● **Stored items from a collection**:

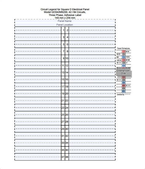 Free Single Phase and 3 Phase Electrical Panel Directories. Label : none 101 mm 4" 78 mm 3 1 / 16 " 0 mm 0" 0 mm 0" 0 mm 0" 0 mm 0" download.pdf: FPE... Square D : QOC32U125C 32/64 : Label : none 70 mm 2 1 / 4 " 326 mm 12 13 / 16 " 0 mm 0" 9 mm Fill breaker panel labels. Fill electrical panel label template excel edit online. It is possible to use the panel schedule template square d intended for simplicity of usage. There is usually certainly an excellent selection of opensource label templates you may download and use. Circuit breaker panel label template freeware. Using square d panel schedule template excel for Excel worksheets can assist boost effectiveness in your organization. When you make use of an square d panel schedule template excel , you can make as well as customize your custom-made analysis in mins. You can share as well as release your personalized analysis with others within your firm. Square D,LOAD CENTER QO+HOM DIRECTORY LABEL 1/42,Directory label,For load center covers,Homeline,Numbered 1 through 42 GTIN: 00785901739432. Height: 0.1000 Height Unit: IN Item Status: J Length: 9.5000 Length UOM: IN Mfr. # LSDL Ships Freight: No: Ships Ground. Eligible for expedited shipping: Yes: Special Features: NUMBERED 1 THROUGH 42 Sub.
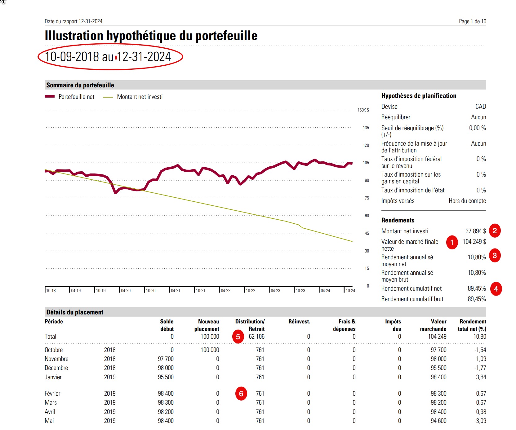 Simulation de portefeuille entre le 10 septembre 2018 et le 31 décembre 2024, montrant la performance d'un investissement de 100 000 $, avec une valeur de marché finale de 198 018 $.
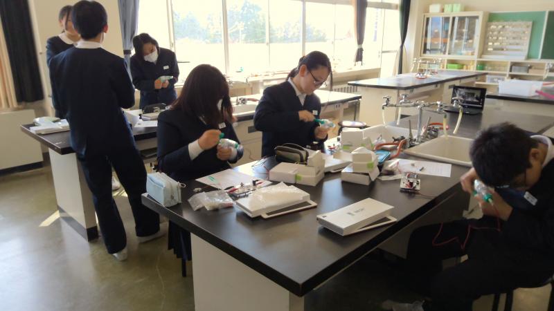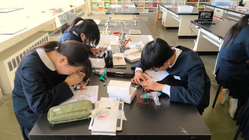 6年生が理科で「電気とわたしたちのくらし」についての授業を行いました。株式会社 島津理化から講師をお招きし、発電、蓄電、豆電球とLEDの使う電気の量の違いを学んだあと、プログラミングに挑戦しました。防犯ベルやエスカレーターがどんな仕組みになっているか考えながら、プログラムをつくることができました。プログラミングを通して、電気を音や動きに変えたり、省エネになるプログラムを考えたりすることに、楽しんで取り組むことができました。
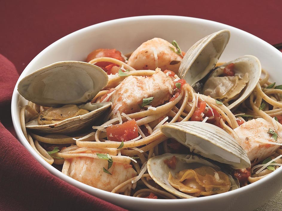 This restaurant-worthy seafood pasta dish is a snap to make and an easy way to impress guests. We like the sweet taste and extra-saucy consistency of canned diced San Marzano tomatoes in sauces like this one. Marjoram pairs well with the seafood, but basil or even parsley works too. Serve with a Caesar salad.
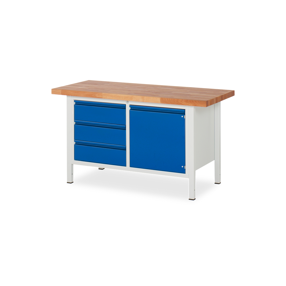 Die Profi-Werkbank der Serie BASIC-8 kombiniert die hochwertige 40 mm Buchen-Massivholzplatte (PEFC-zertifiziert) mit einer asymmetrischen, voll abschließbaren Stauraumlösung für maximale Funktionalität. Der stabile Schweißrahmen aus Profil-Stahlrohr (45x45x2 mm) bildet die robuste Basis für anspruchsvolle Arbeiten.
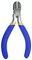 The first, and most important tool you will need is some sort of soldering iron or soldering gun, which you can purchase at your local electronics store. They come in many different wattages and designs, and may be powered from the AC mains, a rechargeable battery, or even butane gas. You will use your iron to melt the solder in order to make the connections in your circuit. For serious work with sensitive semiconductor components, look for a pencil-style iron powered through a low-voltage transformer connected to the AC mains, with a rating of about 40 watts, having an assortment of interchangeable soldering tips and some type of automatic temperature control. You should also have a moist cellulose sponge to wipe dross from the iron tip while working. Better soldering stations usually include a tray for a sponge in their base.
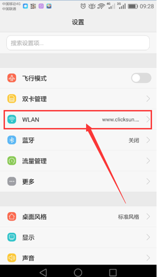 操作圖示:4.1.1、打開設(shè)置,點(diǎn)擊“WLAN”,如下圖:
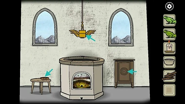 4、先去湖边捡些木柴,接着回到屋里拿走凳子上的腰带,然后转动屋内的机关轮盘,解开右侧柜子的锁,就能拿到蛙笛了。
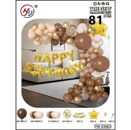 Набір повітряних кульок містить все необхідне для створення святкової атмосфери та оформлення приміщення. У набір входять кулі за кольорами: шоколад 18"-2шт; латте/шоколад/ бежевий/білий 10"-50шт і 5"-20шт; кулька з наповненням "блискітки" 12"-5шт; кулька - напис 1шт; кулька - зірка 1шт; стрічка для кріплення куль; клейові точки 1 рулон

● **WHAT IS EXPECTED**: Each entry needs to be retyped exactly; the pictures stay out.

● **SOLUTION FOR THIS TASK**:
 Free Single Phase and 3 Phase Electrical Panel Directories. Label : none 101 mm 4" 78 mm 3 1 / 16 " 0 mm 0" 0 mm 0" 0 mm 0" 0 mm 0" download.pdf: FPE... Square D : QOC32U125C 32/64 : Label : none 70 mm 2 1 / 4 " 326 mm 12 13 / 16 " 0 mm 0" 9 mm Fill breaker panel labels. Fill electrical panel label template excel edit online. It is possible to use the panel schedule template square d intended for simplicity of usage. There is usually certainly an excellent selection of opensource label templates you may download and use. Circuit breaker panel label template freeware. Using square d panel schedule template excel for Excel worksheets can assist boost effectiveness in your organization. When you make use of an square d panel schedule template excel , you can make as well as customize your custom-made analysis in mins. You can share as well as release your personalized analysis with others within your firm. Square D,LOAD CENTER QO+HOM DIRECTORY LABEL 1/42,Directory label,For load center covers,Homeline,Numbered 1 through 42 GTIN: 00785901739432. Height: 0.1000 Height Unit: IN Item Status: J Length: 9.5000 Length UOM: IN Mfr. # LSDL Ships Freight: No: Ships Ground. Eligible for expedited shipping: Yes: Special Features: NUMBERED 1 THROUGH 42 Sub.
 Simulation de portefeuille entre le 10 septembre 2018 et le 31 décembre 2024, montrant la performance d'un investissement de 100 000 $, avec une valeur de marché finale de 198 018 $.
 6年生が理科で「電気とわたしたちのくらし」についての授業を行いました。株式会社 島津理化から講師をお招きし、発電、蓄電、豆電球とLEDの使う電気の量の違いを学んだあと、プログラミングに挑戦しました。防犯ベルやエスカレーターがどんな仕組みになっているか考えながら、プログラムをつくることができました。プログラミングを通して、電気を音や動きに変えたり、省エネになるプログラムを考えたりすることに、楽しんで取り組むことができました。
 This restaurant-worthy seafood pasta dish is a snap to make and an easy way to impress guests. We like the sweet taste and extra-saucy consistency of canned diced San Marzano tomatoes in sauces like this one. Marjoram pairs well with the seafood, but basil or even parsley works too. Serve with a Caesar salad.
 Die Profi-Werkbank der Serie BASIC-8 kombiniert die hochwertige 40 mm Buchen-Massivholzplatte (PEFC-zertifiziert) mit einer asymmetrischen, voll abschließbaren Stauraumlösung für maximale Funktionalität. Der stabile Schweißrahmen aus Profil-Stahlrohr (45x45x2 mm) bildet die robuste Basis für anspruchsvolle Arbeiten.
 The first, and most important tool you will need is some sort of soldering iron or soldering gun, which you can purchase at your local electronics store. They come in many different wattages and designs, and may be powered from the AC mains, a rechargeable battery, or even butane gas. You will use your iron to melt the solder in order to make the connections in your circuit. For serious work with sensitive semiconductor components, look for a pencil-style iron powered through a low-voltage transformer connected to the AC mains, with a rating of about 40 watts, having an assortment of interchangeable soldering tips and some type of automatic temperature control. You should also have a moist cellulose sponge to wipe dross from the iron tip while working. Better soldering stations usually include a tray for a sponge in their base.
 操作圖示:4.1.1、打開設(shè)置,點(diǎn)擊“WLAN”,如下圖:
 4、先去湖边捡些木柴,接着回到屋里拿走凳子上的腰带,然后转动屋内的机关轮盘,解开右侧柜子的锁,就能拿到蛙笛了。
 Набір повітряних кульок містить все необхідне для створення святкової атмосфери та оформлення приміщення. У набір входять кулі за кольорами: шоколад 18"-2шт; латте/шоколад/ бежевий/білий 10"-50шт і 5"-20шт; кулька з наповненням "блискітки" 12"-5шт; кулька - напис 1шт; кулька - зірка 1шт; стрічка для кріплення куль; клейові точки 1 рулон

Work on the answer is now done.